**Activity**
With the pictures left out, please write out exactly each line from the one containing "Hỏi đáp về Chuột" through the end of the material.

Source material Block Start

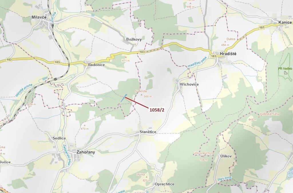Lesní pozemek o výměře 5 152 m2, parcelní číslo 1058/2, podíl 1/1, katastrální území Radonice u Milavčí, obec Milavče, obec s rozšířenou působností Domažlice, okres Domažlice, Plzeňský kraj. Po těžbě.
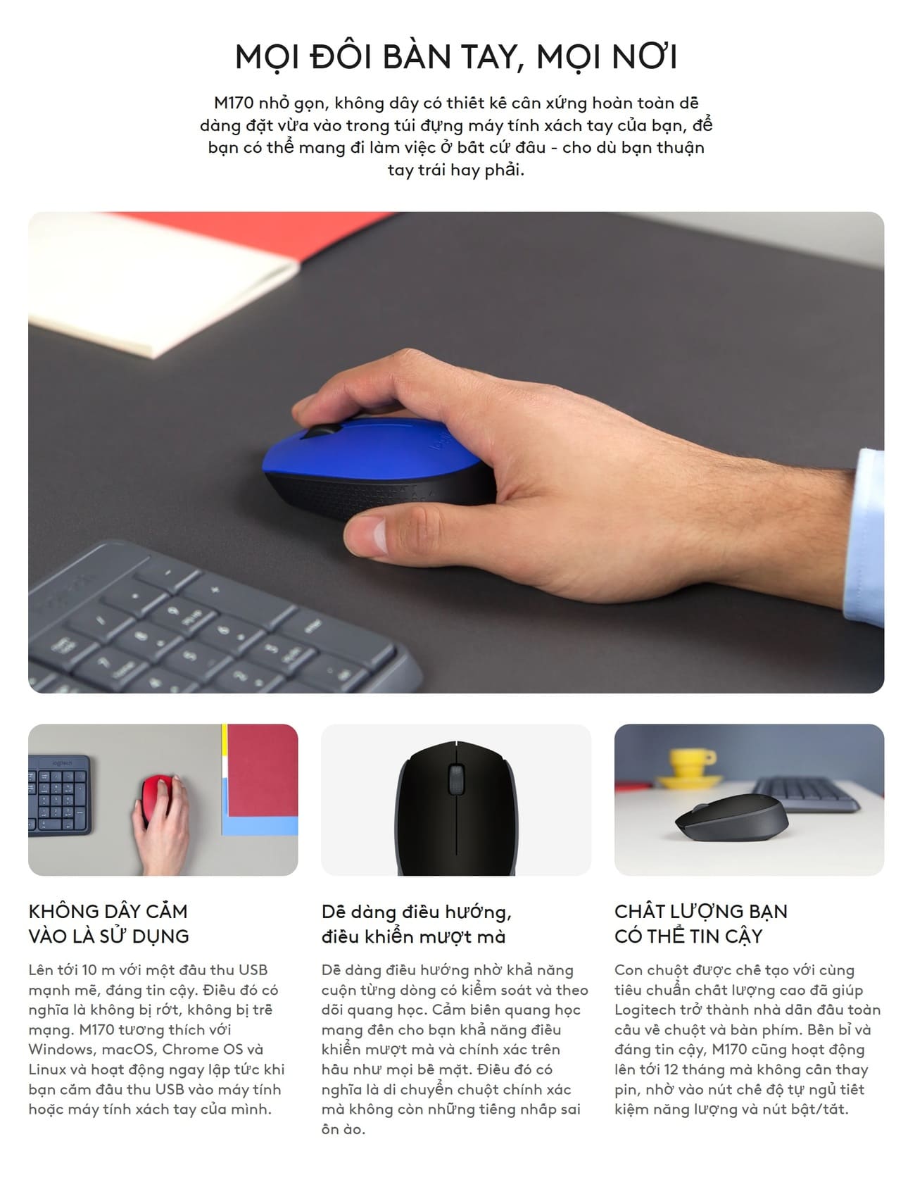 Hỏi đáp về Chuột Không Dây Logitech M171 - Xám Đen (910-004655)
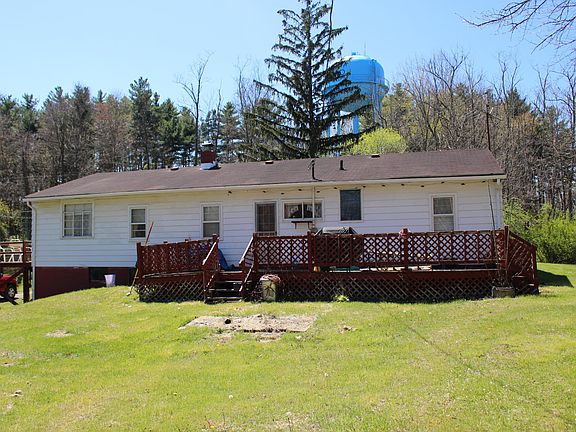 6.96 acres of land with public water located off the main highways with rolling hills, woods and quiet country views. 4 bedrooms, full bathroom, large eat in kitchen with plenty of cabinets and counter space. Large living area with beautiful hardwood floors beneath the carpet. Full walkout basement with 1 car built in garage, side and rear wood decks. Property being sold ''As Is''.

Source material Block End

**Reply**
 Hỏi đáp về Chuột Không Dây Logitech M171 - Xám Đen (910-004655)
 6.96 acres of land with public water located off the main highways with rolling hills, woods and quiet country views. 4 bedrooms, full bathroom, large eat in kitchen with plenty of cabinets and counter space. Large living area with beautiful hardwood floors beneath the carpet. Full walkout basement with 1 car built in garage, side and rear wood decks. Property being sold ''As Is''.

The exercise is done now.